Case I can't be right, because we said that a != b, so a - b must be something other than zero.
The only way for (a + b) to be zero mod M is for a + b to be equal to be a multiple of M or zero. They clearly can't be zero, since they're both bigger than zero. And since they're both less than floor[M/2], their sum must be less than M. So case II can't be right either.

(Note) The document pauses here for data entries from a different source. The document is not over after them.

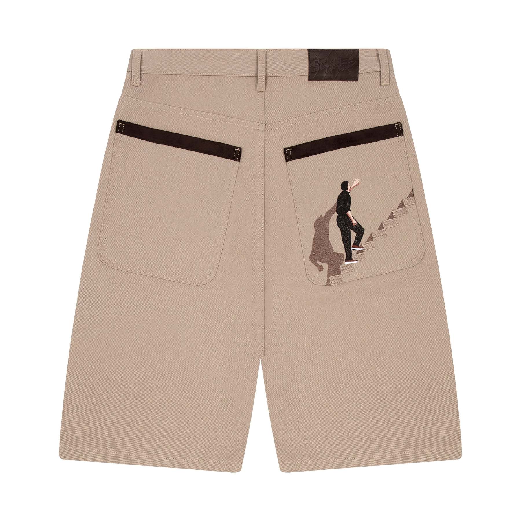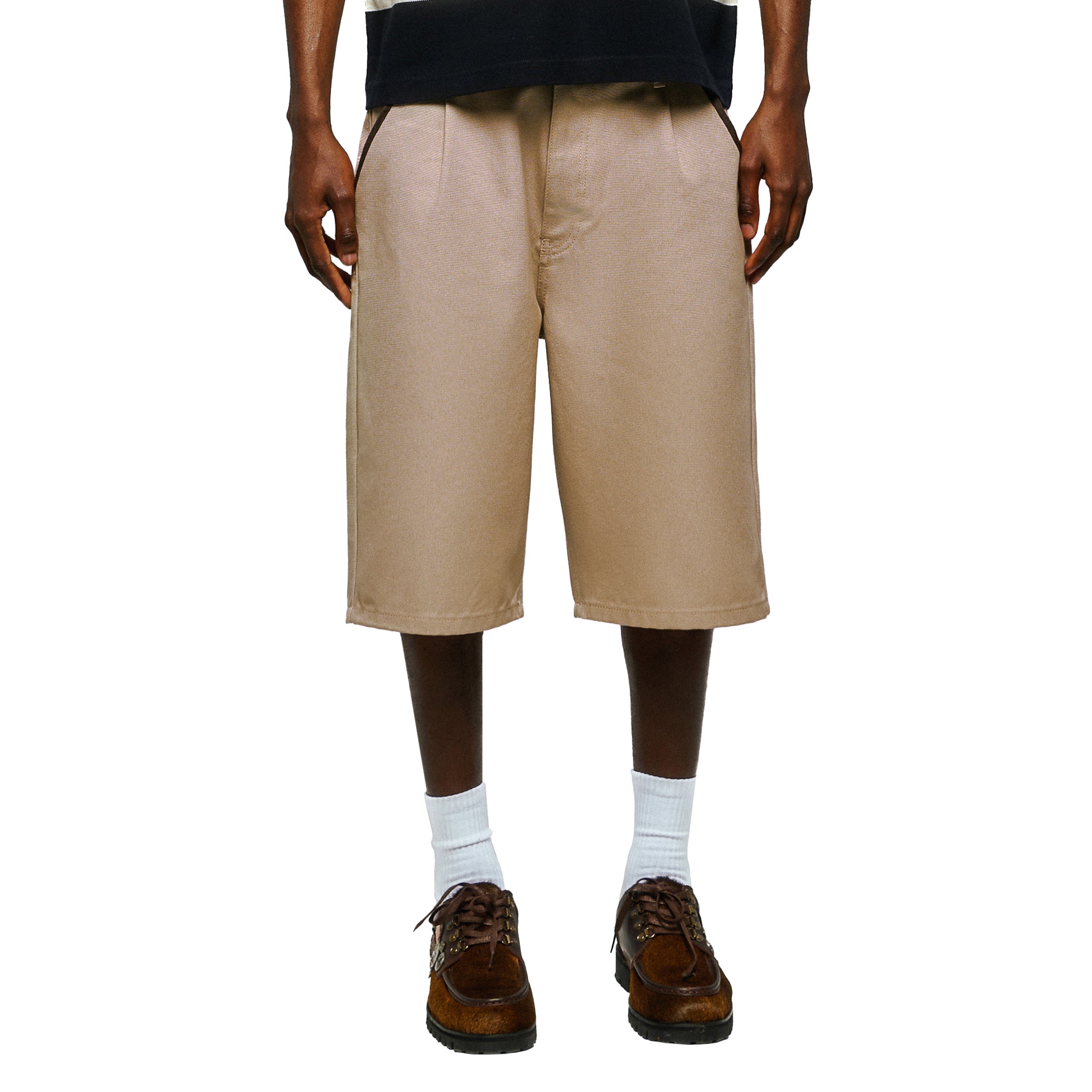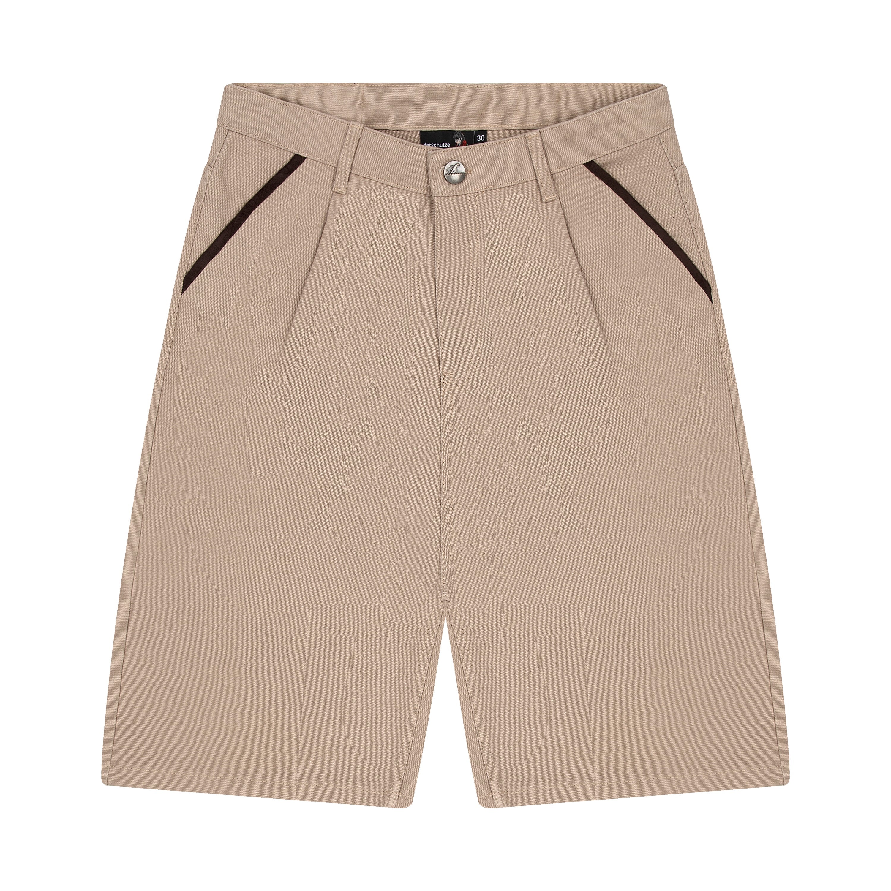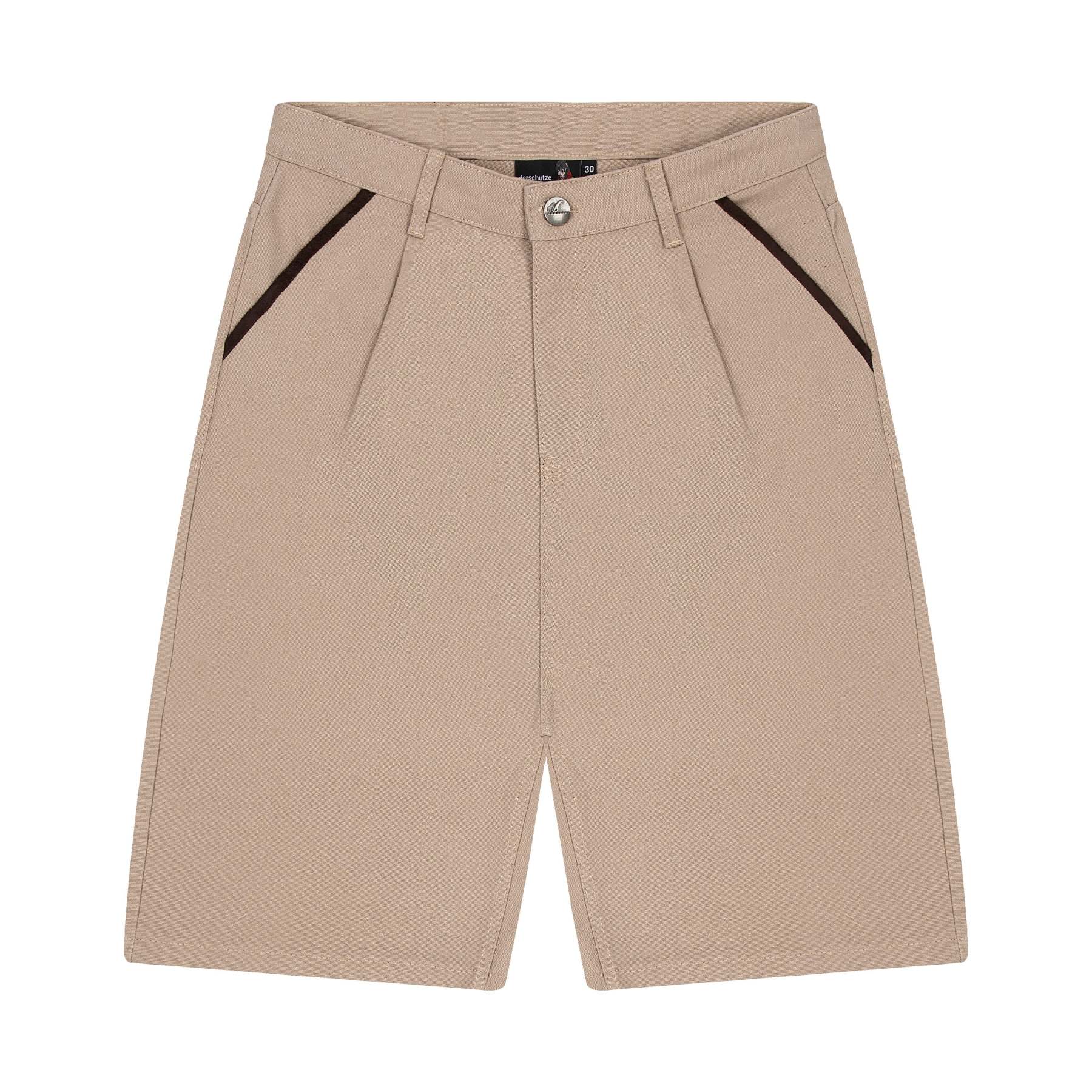 canvas fabric / 100% cotton / vegan suede leather details on front and back pocket openings / embroidery on back pocket / deboss printed leather patch / darts on front / custom button / fits true to size
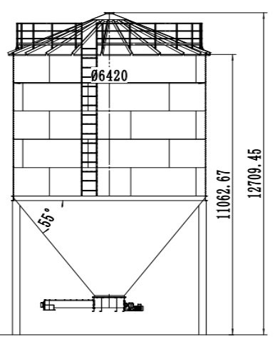 容積:196m3 直徑: 6.4m 倉檐高:5.6m 總高:7.2m 錐頂角: 25。 倉頂蓋板為δ1.0mm熱鍍鋅板,選用國產優質熱鍍鋅板,倉頂上設置自然通風窗、人孔、爬梯,倉頂用航空膠泥和防水墊圈密封,沿倉檐四周設有安全防護欄。
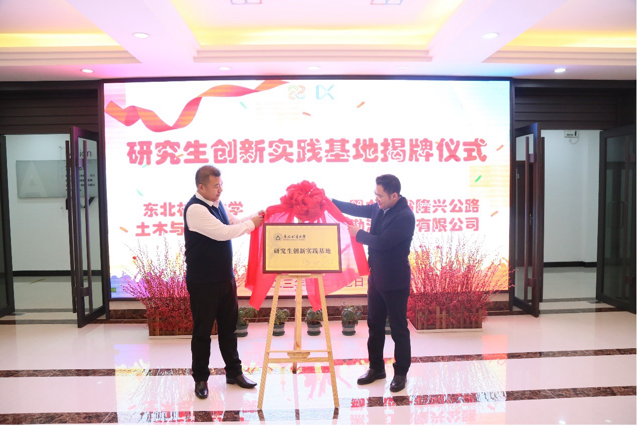 交流会后,隆兴公路勘察设计有限公司董事长王佳昌及企业代表和beat365英国官方网站beat365英国官方网站党委书记李洪峰及学院相关领导至公司一楼进行了研究生创新实践基地揭牌仪式。至此,我院在隆兴公路勘察设计有限公司的实践基地正式落成。此举深化了双方的合作纽带,进一步推动了校企资源优势互补,对我院研究生就业与实践培养具有重要的意义。

Thus, if the theorem were wrong, one of two quantities must be zero, neither of which can possibly be zero -- a contradiction! QED: quadratic probing doesn't satisfy property two once your table is more than half full and if your table size is a prime number. The proof is complete!
From Wikipedia:
For prime m > 2, most choices of c1 and c2 will make h(k,i) distinct for i in [0,(m − 1) / 2]. Such choices include c1 = c2 = 1/2, c1 = c2 = 1, and c1 = 0,c2 = 1. Because there are only about m/2 distinct probes for a given element, it is difficult to guarantee that insertions will succeed when the load factor is > 1/2.
See the quadratic probing section in Data Structures and Algorithms with Object-Oriented Design Patterns in C++ for a proof that m/2 elements are distinct when m is prime.